Carlos Aguni

Highly motivated self-taught IT analyst. Always learning and ready to explore new skills. An eternal apprentice.


Python remote_write prometheus

21 Feb 2022 »

https://pypi.org/project/opentelemetry-exporter-prometheus-remote-write/#installation

pip install opentelemetry-exporter-prometheus-remote-write
pip uninstall snappy python-snappy
pip install python-snappy

https://aws.amazon.com/blogs/opensource/building-a-prometheus-remote-write-exporter-for-the-opentelemetry-python-sdk/

from opentelemetry import metrics
from opentelemetry.sdk.metrics import MeterProvider
from opentelemetry.exporter.prometheus_remote_write import (
    PrometheusRemoteWriteMetricsExporter
)

# Sets the global MeterProvider instance
metrics.set_meter_provider(MeterProvider())
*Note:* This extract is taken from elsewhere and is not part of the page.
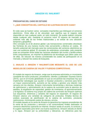 El documento analiza la competencia entre Amazon y Walmart en el comercio electrónico, destacando conceptos como ubicuidad y alcance global. Se examinan los modelos de negocio y la cadena de valor de ambas compañías, señalando que Amazon lidera al personalizar la experiencia de compra y anticipar necesidades del cliente, mientras que Walmart se beneficia de su red de distribución confiable. Además, se discuten factores de éxito como la planificación, el uso de datos, y la innovación en ambas empresas.

# The Meter is responsible for creating and recording metrics. Each meter has a unique name, which we set as the module's name here.
meter = metrics.get_meter(__name__)

exporter = PrometheusRemoteWriteMetricsExporter(
    endpoint="https://prometheus-prod-10-prod-us-central-0.grafana.net/api/prom/push",
    timeout=30,
    basic_auth={
        "username": "user",
        "password": "passwod",
    },
)

metrics.get_meter_provider().start_pipeline(meter, exporter, 5)

labels = {
    "service.name": "service123",
    "service.version": "1.2.3",
    "job": "custom-test",
}

class CPU:
    def __init__(self):
        self.noiseGenerator = PerlinNoise(octaves=5)
        self.i = 0
        ng = PerlinNoise(octaves=5)
        arr = []
        for i in range(10000):
            y = ng(i*0.01)
            arr.append(y)
        map_arr = np.array(arr)
        map_arr = (map_arr - map_arr.min()) / (map_arr.max() - map_arr.min())
        map_arr = map_arr*100
        self.map_arr = map_arr
    def get_val(self):
        #val = self.noiseGenerator(self.i*0.01)
        #val = (1-val)*100 if val < 0 else val*100
        val = self.map_arr[self.i]
        self.i += 1
        return val
    def get_cpu_usage_callback(self, observer):
        #val = random.randint(10, 100)
        val = self.get_val()
        clabels = {
            **labels,
            "cpu_scope": "all"
        }
        print(val)
        observer.observe(float(val), clabels)
cpu = CPU()
    
meter.register_valueobserver(
    callback=cpu.get_cpu_usage_callback,
    name="cpu_percent",
    description="per-cpu usage",
    unit="1",
    value_type=float,
)
"""
exporter = PrometheusRemoteWriteMetricsExporter(
    endpoint="http://localhost:9009/api/prom/push",
    timeout=30,
    basic_auth={
        "username": "user",
        "password": "pass123",
    },
    headers={
        "X-Scope-Org-ID": "5",
        "Authorization": "Bearer mytoken123",
    },
    proxies={
        "http": "http://10.10.1.10:3000",
        "https": "http://10.10.1.10:1080",
    },
    tls_config={
        "cert_file": "path/to/file",
        "key_file": "path/to/file",
        "ca_file": "path_to_file",
        "insecure_skip_verify": true, # for developing purposes
    }
)
"""

Examples

https://github.com/open-telemetry/opentelemetry-python-contrib/blob/metrics/exporter/opentelemetry-exporter-prometheus-remote-write/examples/sampleapp.py


import logging
import random
import sys
import time
from logging import INFO

import psutil

from opentelemetry import metrics
from opentelemetry.exporter.prometheus_remote_write import (
    PrometheusRemoteWriteMetricsExporter,
)
from opentelemetry.sdk.metrics import MeterProvider
from opentelemetry.sdk.metrics.export.aggregate import (
    HistogramAggregator,
    LastValueAggregator,
    MinMaxSumCountAggregator,
    SumAggregator,
)
from opentelemetry.sdk.metrics.view import View, ViewConfig

logging.basicConfig(stream=sys.stdout, level=logging.INFO)
logger = logging.getLogger(__name__)

metrics.set_meter_provider(MeterProvider())
meter = metrics.get_meter(__name__)
exporter = PrometheusRemoteWriteMetricsExporter(
    endpoint="http://cortex:9009/api/prom/push",
    headers={"X-Scope-Org-ID": "5"},
)
metrics.get_meter_provider().start_pipeline(meter, exporter, 1)
testing_labels = {"environment": "testing"}


# Callback to gather cpu usage
def get_cpu_usage_callback(observer):
    for (number, percent) in enumerate(psutil.cpu_percent(percpu=True)):
        labels = {"cpu_number": str(number)}
        observer.observe(percent, labels)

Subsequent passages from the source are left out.